Figure 2. Infants with CHD display reduced nodal efficiency (left) and reduced clustering coefficient (right) compared to normal controls using cost-dependent graph analysis of functional network topology. All regions significant at FDR-corrected q < 0.05. Large dots: nominal p < 0.001; medium dots: nominal p < 0.01; small dots: nominal p < 0.05.

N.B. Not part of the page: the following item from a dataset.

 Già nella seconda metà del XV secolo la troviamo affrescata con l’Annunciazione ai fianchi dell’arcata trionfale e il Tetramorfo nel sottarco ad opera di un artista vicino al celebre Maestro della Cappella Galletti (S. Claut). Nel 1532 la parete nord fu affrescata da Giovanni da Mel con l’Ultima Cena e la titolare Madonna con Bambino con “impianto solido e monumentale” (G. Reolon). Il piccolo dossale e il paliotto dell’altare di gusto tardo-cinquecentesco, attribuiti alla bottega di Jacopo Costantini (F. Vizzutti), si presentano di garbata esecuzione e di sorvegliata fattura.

Figure 3. Regions with significant sex-X-CHD interactions (M > F) on nodal efficiency (left) and clustering coefficient (right) compared to normal controls using cost-dependent graph analysis of functional network topology. All regions significant at FDR-corrected q < 0.05. Large dots: nominal p < 0.001; medium dots: nominal p < 0.01; small dots: nominal p < 0.05.